The genetic basis of BS has been investigated in cattle (e.g. [3]) and dogs (e.g. [4]). In non-giant dog breeds, Rimbault et al. [5] showed that about half of the variance in BS can be explained by seven single nucleotide polymorphisms (SNPs) that lie in close proximity to the GHR, HMGA2, SMAD2, STC2, IGF1 and IGF1R genes. In humans, until recently, more than 20 genome-wide association studies (GWAS) identified over 400 candidate genes associated with human stature [6]. Interestingly, in human populations, mutations with an intermediate effect cannot be or are poorly detected by current approaches, whereas such mutations can occasionally be detected in domestic animals when artificial selection or genetic drift increases their frequency [2].

In sheep, BS has been extensively recorded for years because it is an important indicator of growth and health, it affects feeding and housing management and has consequences on this species’ environmental adaptation [2]. However, the causative loci that contribute to the genetic variation of this trait, remain largely unknown. This may be attributed to the incomplete information on the sheep genome with only about 700 genes known before the release of Ovis_aries_v3.1 reference genome sequence in 2012 [7]. Since then, there has been considerable progress and the latest assembly of the sheep genome (Oar_v4.0, [8]), which is based on the dataset from a Texel ewe with a 166-fold coverage, has a total assembled length of 2.61 Gb, and the current annotation [9] includes 20,645 protein-coding genes. Another obstacle in the elucidation of the molecular basis of BS in sheep is the insufficient number of animals with both phenotypes and high-density genotyping data.

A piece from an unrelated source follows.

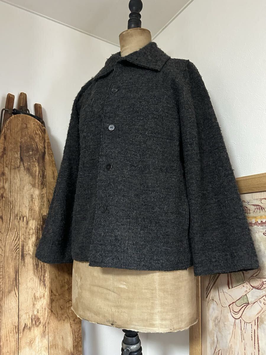 > ヨーガンレール 美品 ゴッドランドウール ジャケット ゆったりシルエット ナチュラル 天然 黒の衝撃 ヨウジ 川久保 アンティーク 蚤の市

High-throughput SNP genotyping has been used to detect signatures of selection or perform GWAS that aim at identifying loci and genes involved in the variation of BS in sheep. Randhawa et al. [10] identified a signature of selection that included the LRP4 gene on Ovies aries chromosome OAR25 and is associated with bone growth. Using the same methodology, Kijas et al. [11] identified three genomic regions that spanned the genes NPR2 (OAR1), HMGA2 (OAR5) and BMP2 (OAR18) and were associated with skeletal morphology and BS. A GWAS reported by Zhang et al. [7] detected 36 SNPs that were significantly associated at the chromosome-wise level with seven growth and meat production traits and 10 of these SNPs reached genome-wise significance. These authors identified candidate genes based on the chromosomal position of these SNPs, with genes that either harbored a significant SNP i.e. MEF2B, RFXANK, CAMKMT, TRHDE and RIPK2, or were located in close proximity of a significant SNP, i.e. GRIM1, POL, MBD5, UBR2, RPL7 and SMC2. Al-Mamun et al. [12] identified a region on OAR6 that harbored three candidate genes LAP3, NCAPG and LCORL with the latter being associated with height in humans and cattle. Most recently, by combining 56 single GWAS for carcass composition in a meta-analysis, Bolormaa et al. [13] detected a group of 23 SNPs with pleiotropic effects on mature size, which are associated with size and fatness traits in humans and cattle. In addition to DNA sequence polymorphisms, epigenetic regulation of gene expression, mainly via DNA methylation, may also contribute to the phenotypic variation in BS in sheep. Cao et al. [6] detected significant correlations between the genetic variability at CpG sites of methylation and RNA expression of the BMPR1B, SMAD1, TSC1 and AKT1 genes, which are associated with BS variability in Mongolian sheep breeds.

Many of the published GWAS in sheep and other species provide potentially interesting findings in the form of large lists of candidate genes, even if the statistical power is limited in some cases. Such large lists do not facilitate downstream validation due to their size and the lack of prioritization of the positional candidate genes based on their likelihood of harboring true causal mutations that contribute to the trait’s variability. The large number of candidate genes derived from GWAS for quantitative traits requires computational approaches that can assess the functional relevance of the positional candidate genes and prioritize these accordingly, especially when the genes are insufficiently annotated, as is often the case. One of the widely used principles for elucidating the function of un-annotated genes, i.e. for gene function prediction, is the guilt-by-association (GBA) principle [14]. The GBA principle states that genes that are involved in the same biological processes tend to be associated (or possess similar properties e.g. similar expression patterns), which allows to statistically infer previously unknown functions of a gene based on some prior knowledge about other genes and association data [15]. Gene networks based on the GBA principle have been successfully implemented in disease-gene discovery (e.g. [16]) and gene function prediction in various species [17, 18].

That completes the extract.